Print, exactly and without pictures, the lines from the one where "সারা দেশে গণস্কুল" appears down to the end of the entries.

**Exercise data:**
_ _ _ _ _

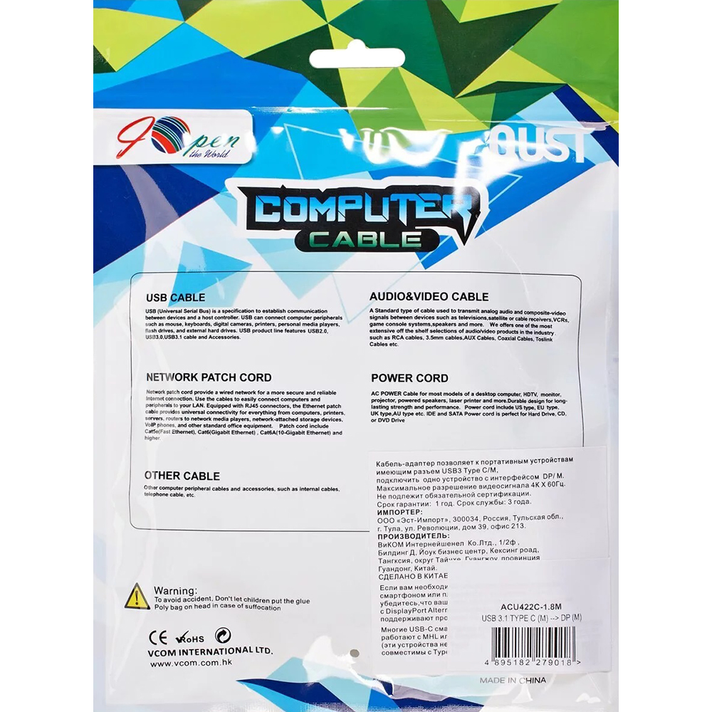 Кабель-адаптер USB 3.1 Type-Cm -->DP(m) 4K@60Hz, 1,8m iOpen (Aopen/Qust) <ACU422MC-1.8M> VCOM Кабель-переходник AOpen/Qust USB 3.1 Type C M/DisplayPort M (ACU422MC-1.8M)
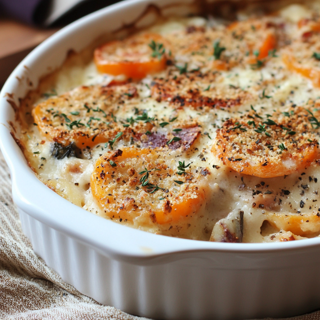 Indulge in the comforting flavors of Root Vegetable Au Gratin, a delightful variation on the classic dish that combines Yukon gold potatoes, sweet potatoes, and beets into a creamy, cheesy masterpiece. This dish is perfect for family gatherings or festive occasions, offering vibrant colors and an irresistible blend of textures and tastes that will impress your guests. The rich cheese sauce, accented with a touch of dijon mustard, elevates the natural sweetness of the vegetables, providing a satisfying side that complements any meal.
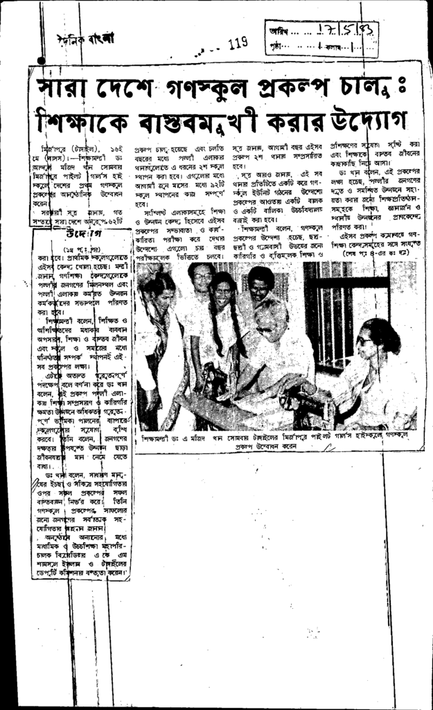 সারা দেশে গণস্কুল প্রকল্প চালু:শিক্ষাকে বাস্তবমুখী করার উদ্যোগ Published on Newspaper দৈনিক বাংলা Category Admission / Seat Problem Download
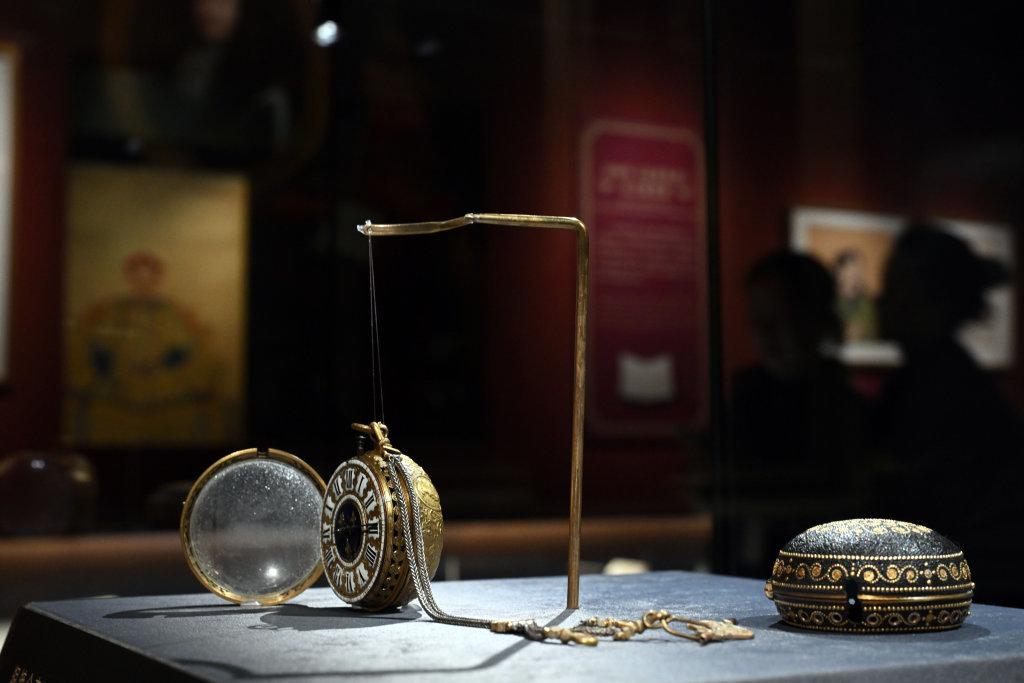 这是展出的故宫博物院藏铜镀金壳开光人物像怀表(4月1日摄)。
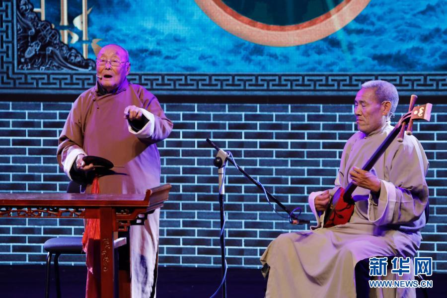 当晚,河南省非遗曲艺展演周汇报演出在河南艺术中心上演,来自全省各地的曲艺名家表演了大调曲子、三弦书、河洛大鼓、河南坠子等节目,展示非遗曲艺文化的魅力。新华社发(何五昌 摄)
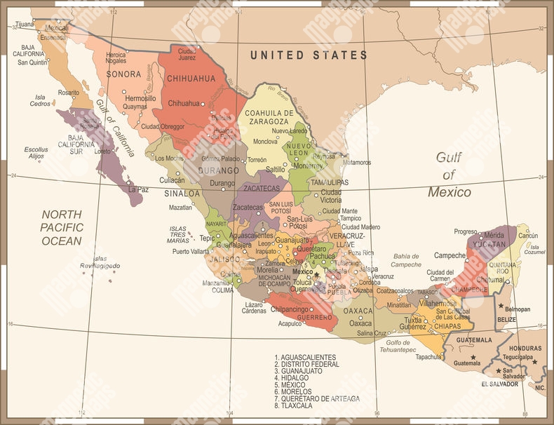 Carte magnétique du Mexique, vintage, COLOREE
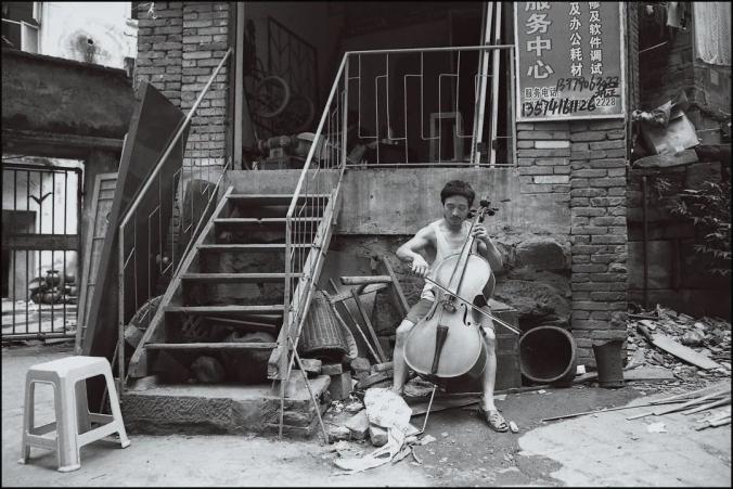 在搬空的自家门前拉琴的移民。四川屏山2012.06
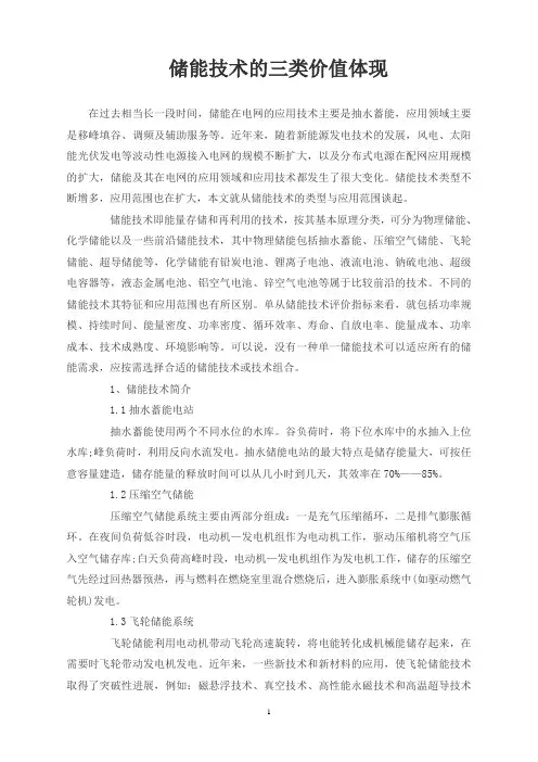 (四)物化储能物化储能是指通过将能量储存到化学物质中来实现能量储存。
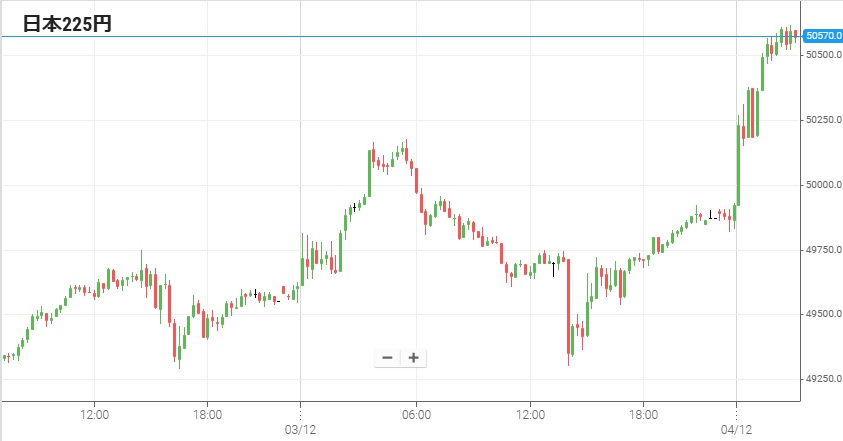 週明け1日に日銀植田総裁が12月の会合で利上げを検討すると示唆する発言をしたことで、この日の日経225平均は1,000円近く暴落して終了した。しかし円高が止まったこともあり暴落地合は翌2日以降まで引きずらなかった。3日になると273円高の49,540円で寄り付き。前場に小幅上昇した後昼休み中に先物が買われて後場開始後には50,000円を突破。午後2時頃からは多少反落して終値は561円高の49,864円だった。

_ _ _ _ _

**Result of this task:**
 সারা দেশে গণস্কুল প্রকল্প চালু:শিক্ষাকে বাস্তবমুখী করার উদ্যোগ Published on Newspaper দৈনিক বাংলা Category Admission / Seat Problem Download
 这是展出的故宫博物院藏铜镀金壳开光人物像怀表(4月1日摄)。
 当晚,河南省非遗曲艺展演周汇报演出在河南艺术中心上演,来自全省各地的曲艺名家表演了大调曲子、三弦书、河洛大鼓、河南坠子等节目,展示非遗曲艺文化的魅力。新华社发(何五昌 摄)
 Carte magnétique du Mexique, vintage, COLOREE
 在搬空的自家门前拉琴的移民。四川屏山2012.06
 (四)物化储能物化储能是指通过将能量储存到化学物质中来实现能量储存。
 週明け1日に日銀植田総裁が12月の会合で利上げを検討すると示唆する発言をしたことで、この日の日経225平均は1,000円近く暴落して終了した。しかし円高が止まったこともあり暴落地合は翌2日以降まで引きずらなかった。3日になると273円高の49,540円で寄り付き。前場に小幅上昇した後昼休み中に先物が買われて後場開始後には50,000円を突破。午後2時頃からは多少反落して終値は561円高の49,864円だった。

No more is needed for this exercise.